O STJ, ao editar o enunciado n. 202 de sua Súmula, abrandou a incidência da Súm. n. 267-STF, quando firmou que a impetração do mandado de segurança por terceiro prejudicado não está condicionada à prévia interposição de recurso. Porém, este Superior Tribunal também já assentou o entendimento de que, nesses casos, cumpre ao terceiro impetrante demonstrar o motivo por que não se utilizou do recurso originariamente cabível. Ademais, no caso, há a peculiaridade de que, na condição de patronos das partes da demanda originária, os impetrantes tomaram ciência inequívoca do ato judicial (acórdão recorrido), tanto que até subscreveram a petição de Recurso Especial contra aquela decisão. Assim, com esses fundamentos, a Turma, por maioria, negou provimento ao agravo regimental. O voto vencido do Min. Nilson Naves não discordava da questão de mérito, mas apenas entendia que, pela relevância, dever-se-ia dar provimento ao agravo para que a questão fosse discutida no julgamento do recurso de mandado de segurança.

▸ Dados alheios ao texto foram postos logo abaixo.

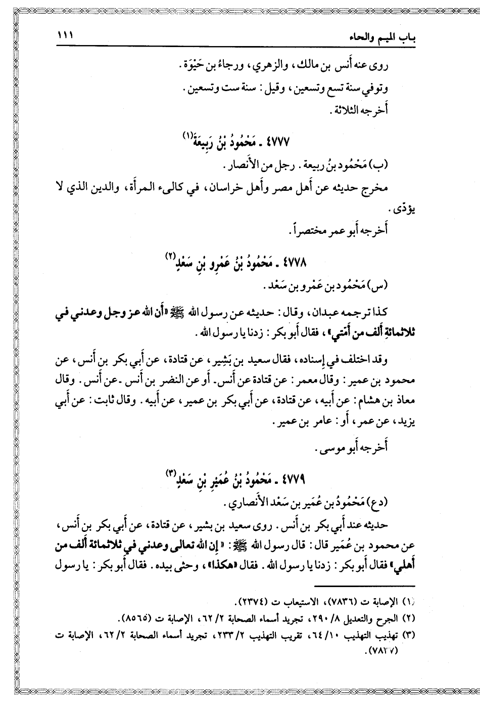 س: مَحْمُود بْن عَمْرو بْن سعد كذا ترجمه عبدان، وقال: حديثه عن رَسُول اللَّهِ صَلَّى اللَّهُ عَلَيْهِ وَسَلَّمَ: " أن اللَّه عَزَّ وَجَلَّ وعدني فِي ثلاثمائة ألف من أمتي "، فقال أَبُو بكر: زدنا يا رَسُول اللَّهِ.

Precedentes citados: RMS 4.069-ES, DJ 21/11/1994; RMS 27.368-PE, DJe 27/5/2009; RMS 23.559-CE, DJe 25/3/2009; RMS 22.364-SC, DJe 15/12/2008; RMS 26.475-AC, DJe 3/11/2008; RMS 26.973-SC, DJe 28/10/2008; RMS 27.594-BA, DJe 4/5/2009, e AgRg no RMS 26.464-SP, DJe 16/10/2008. AgRg no RMS 23.752-RN, Rel. Min. Og Fernandes, julgado em 25/8/2009.
Súmula 202 STJ – A impetração de segurança por terceiro, contra ato judicial, não se condiciona à interposição de recurso.
Súmula 267 STF – Não cabe mandado de segurança contra ato judicial passível de recurso ou correição.